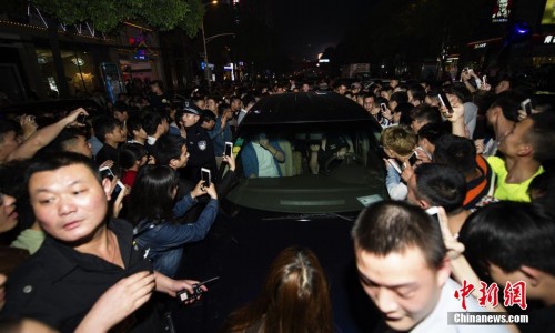 2015年4月26日凌晨,日本明星苍井空抵达长沙一酒吧献唱。刚一现身,就被数千位粉丝围堵。现场甚至交通瘫痪。杨华峰摄
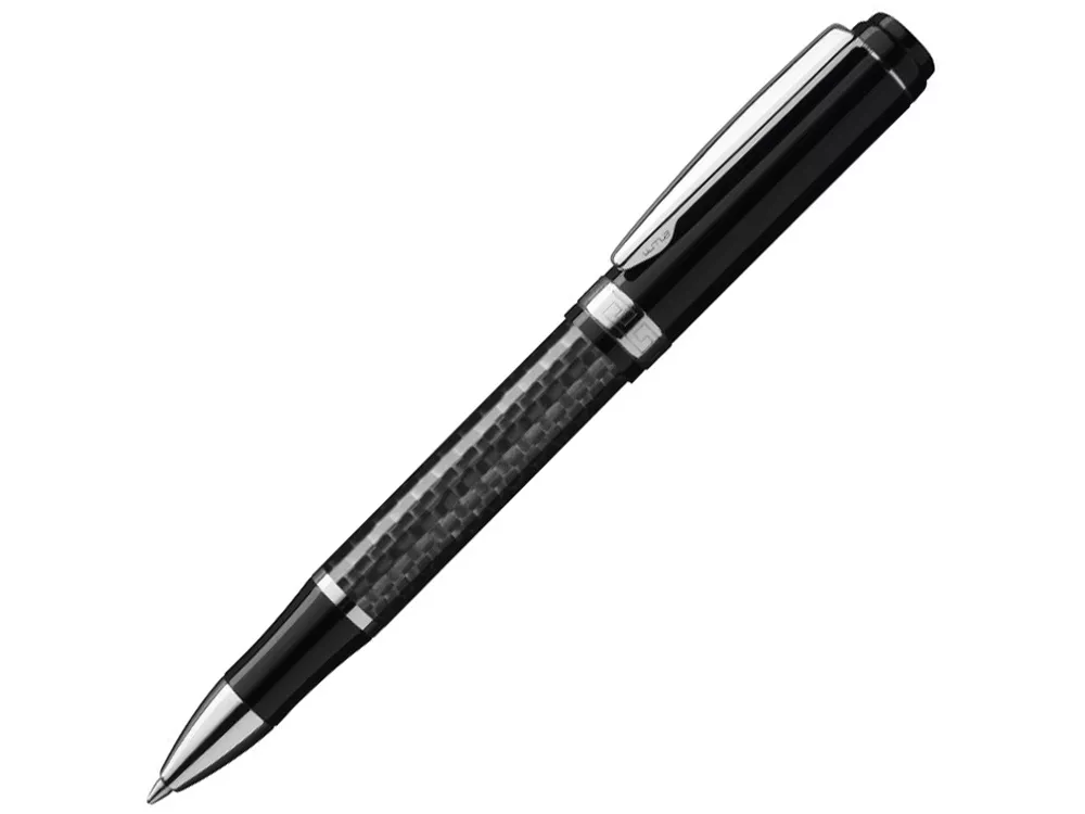 Шариковая ручка из карбонового волокна с поворотным механизмом, металлической фурнитурой с глянцевой хромированной отделкой.
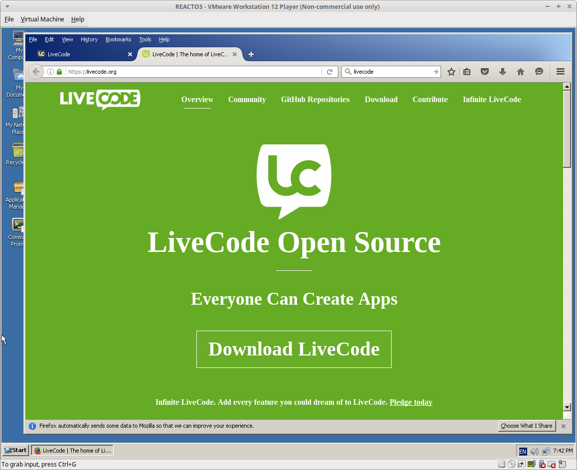 The ONLY reason I tried this is that I undertook to try Livecode on ReactOS a few years ago and am very, very bad at breaking promises.
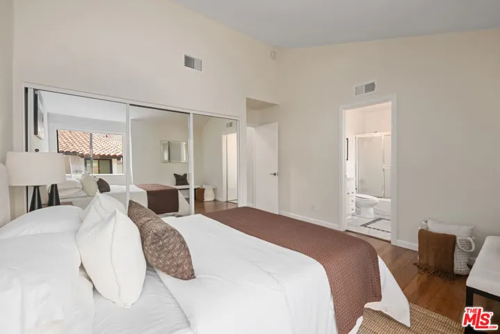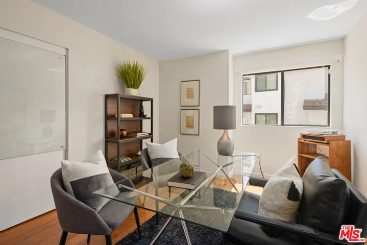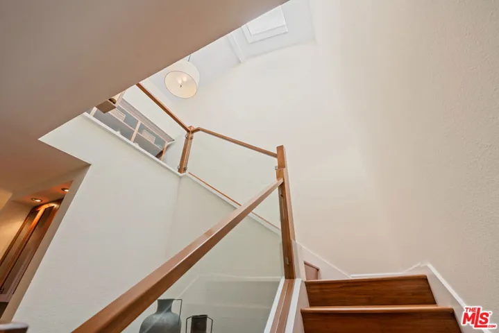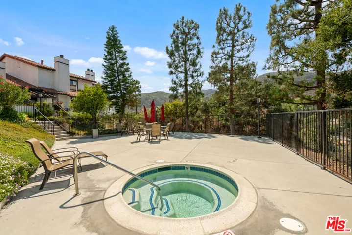 Step into this beautifully designed home featuring an inviting open floor plan that seamlessly integrates the living room with high ceilings, a striking rock stone fireplace, bamboo flooring and an al fresco dining area perfect for entertaining. The spacious dining room boasts elegant glass railings and a stylish bar that leads to a gourmet kitchen, complete with dramatic mood lighting, stainless steel appliances, granite countertops, and custom “pull out” shelving cabinetry. Enjoy the convenience of a built-in microwave, a deep “D” sink, two wine chillers, cozy breakfast bar that are all seated on beautiful ceramic floors. The main level features an exclusive private office or 3rd bedroom that offers complete privacy from upstairs life. A central skylight bathes soft light onto the stunning upstairs mahogany bookcase then gently pours that light down through the glass railed stairwell to the dining area. The luxurious primary bedroom is a true retreat, equipped with a thoughtful designed custom walk-in closet and private balcony that provides relaxing garden greenbelt and mountain views. The master bath features double sinks and large spa tub that offer a serene escape. The second bedroom, also on the upper level, includes an updated bath providing comfort and style. Additional highlights of this freshly painted exceptional home include bamboo wood floors, tankless water heater, epoxy floor in the garage and comprehensive security system. The outdoor space is equally impressive featuring a spacious entertainers patio with privacy hedging perfect for socializing with family and friends. Just up the path is a sparking swimming pool framed by a mountainous landscape featuring a spa, gym, and sauna for ultimate relaxation and recreation. Enjoy the security of a spacious 2 car garage with direct access and adjacent dedicated laundry area with ample cabinet space. There is additional utility in an under the home storage area access door. This residence also provides exclusive entry to a unique private park featuring dog-friendly zones, a playground, and expansive grassy areas, all located just minutes from the beach and picturesque local hiking paths that meander endlessly through the Santa Monica Mountains. Seize the chance to make this beautiful home yours! The fireplace is for decorative purposes only.

TASK STATEMENT: Exactly as written, restate the lines above from the opening line through the one holding "The ONLY reason", omitting the pictures.

REPLY TO THE TASK:
 2015年4月26日凌晨,日本明星苍井空抵达长沙一酒吧献唱。刚一现身,就被数千位粉丝围堵。现场甚至交通瘫痪。杨华峰摄
 Шариковая ручка из карбонового волокна с поворотным механизмом, металлической фурнитурой с глянцевой хромированной отделкой.
 The ONLY reason I tried this is that I undertook to try Livecode on ReactOS a few years ago and am very, very bad at breaking promises.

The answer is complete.